I've tried searching for this topic, but couldn't find it.

A friend of mine is taking her first trip to Disney and is buying the Magic your way base ticket.  I've told her not to go to the parks everyday, but her husband isn't convinced so they are buying tickets equal to the number of days they'll be there.  

Can the No Expiration option be added mid-week?  What about the Hopper option?


----------



## Carl D (Feb 10, 2006)

**I'm not 100% positive**, but I do believe the no expiration option can be added at any time prior to the original expiration date. If they do add this feature, it would be financially advantageous to buy a 10 day ticket, as that is only a few bucks more.

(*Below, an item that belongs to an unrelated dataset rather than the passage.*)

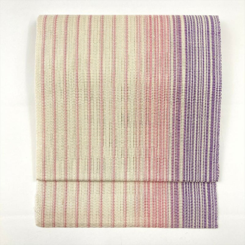 (中古)夏名古屋帯 紫 ピンク カジュアル 平仕立て 織り 縞 グラデーション 未使用
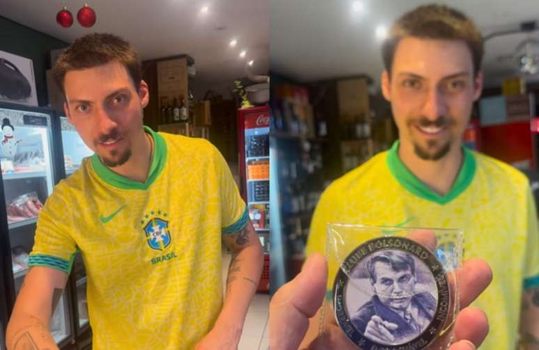 Após receber o acessório, o açougueiro garante apoiar o ex-presidente “sempre”. Na legenda da publicação, ele diz que é um “privilégio” receber a medalha das mãos do filho de Bolsonaro.

As far as the hopping option, that may be quirky. They may be able to add it, but they may have to add it for all days on the ticket, including days already used.- **Totally not sure about that one**.


----------



## Dean (Feb 10, 2006)

Try this link .  I'm told you can upgrade in many ways within the 14 day period as long as there is at least one day left.


----------



## DianeV (Feb 10, 2006)

I believe that as long as you upgrade within the 14 days you can do it..but they charge you based on the whole ticket..so if you had, say a 6 day ticket and only had 3 days left and wanted to make it no expiration you pay based on the 6 day ticket..same for hopping


----------